Она налила еще водки и попросила закурить. Сделав две нервных затяжки, она подняла рюмку и, усмехнувшись, сказала:
— Ладно, давай выпьем за будущее, хотя оно и очень туманно.
Потом они вспомнили институт, однокурсников, которые сейчас кто где, но в большинстве на фронтах, вспомнили студенческие любови, романы, немного посмеялись, немного погрустили… И тут она неожиданно спросила, вроде бы небрежно, но дрогнувшим голосом:
— Кажется, я тебе нравилась, Миша?
— Да, и очень, — не стал скрывать он, улыбнувшись.

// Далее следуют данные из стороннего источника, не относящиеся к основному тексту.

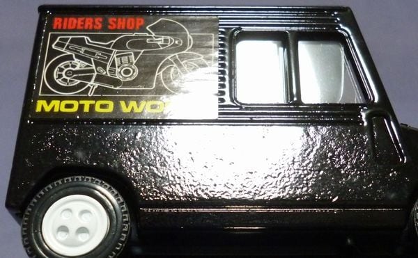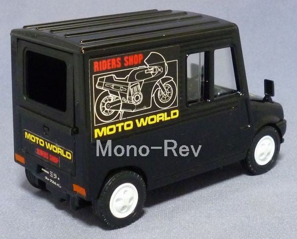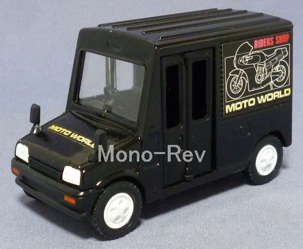 ダイヤペットSV-01 ダイハツ ミラ ウォークスルーバン L70V、1989年の製品です。車体色:黒です。スケール1/32(車体長さ約102mm)。黒ボディ塗装面に細かな凸凹があります。左側面のシールに色褪せがあります。傷みのあるパッケージ付。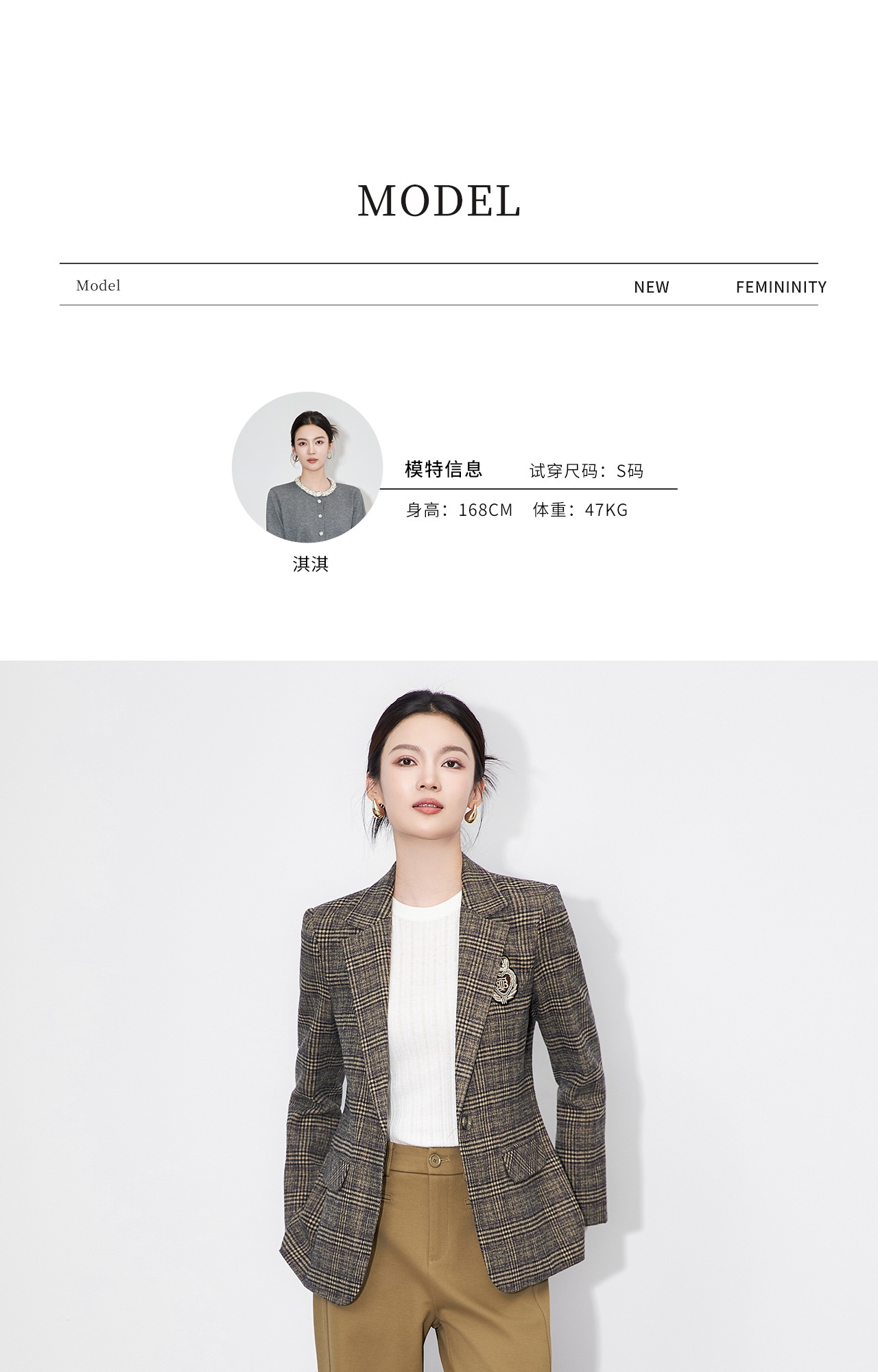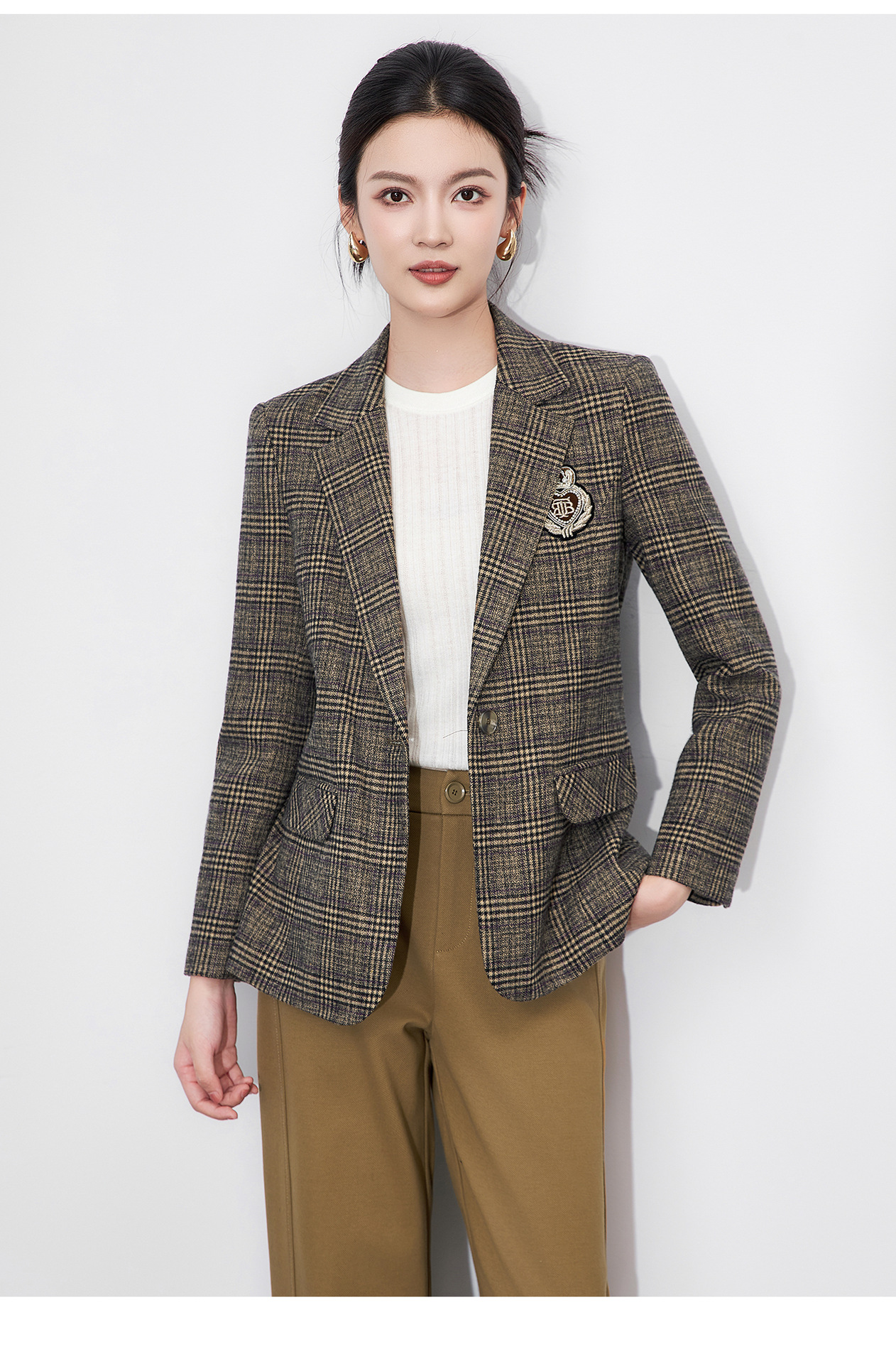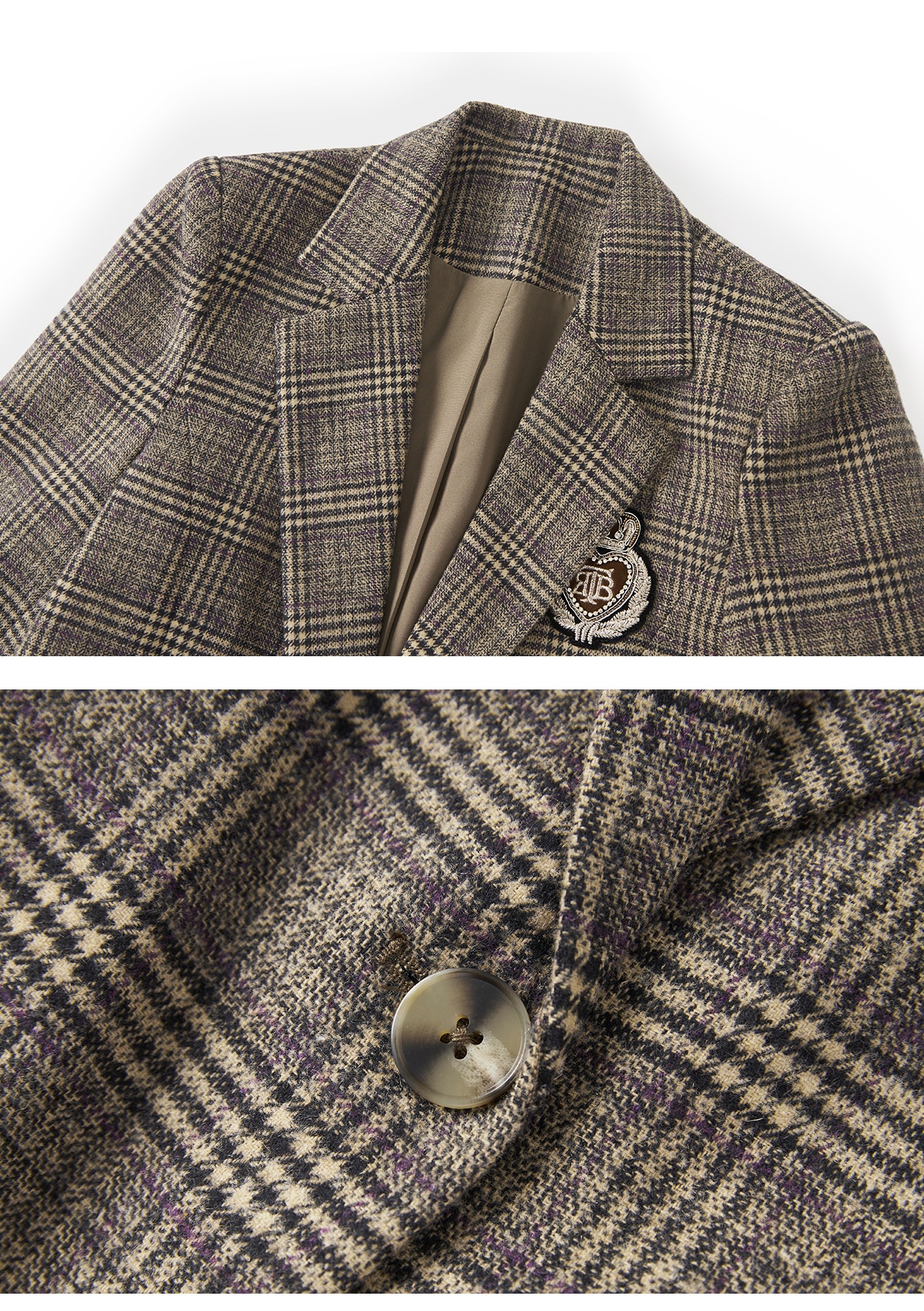 「高货wl」全新升级【铂金会员330/天猫439/差价109】(00123)洛诗琳气质复古通勤格纹西装2025秋季磨毛英伦风徽章外套

— А сейчас? — вскользь бросила она.
— Наверно, и сейчас, Руфа.
Она опустила глаза, долго молчала, а затем тихо сказала:
— Я очень одинока, Миша… Очень.
Ушаков, мало искушенный и неважно знающий женщин, вначале не придал значения ее последним словам, но когда взглянул на нее и столкнулся с ее напряженным, будто бы чего-то ждущим взглядом, понял, что слова эти не зря и что если сейчас он подойдет к ней, обнимет, то она не отстранит его… Но, поняв, он отвел глаза, хотя и обдало его жаром, хотя и забилось сердце, и поспешно пробормотал:
— Надо верить, Руфа, что Дима жив…
— Увы, Миша… Только не надо банальностей, — поспешно добавила она, увидев, что он собирается что-то сказать. — Все, что ты мне можешь сказать, я уже давно знаю. Почти три года я как мертвая среди живых, и больше не могу…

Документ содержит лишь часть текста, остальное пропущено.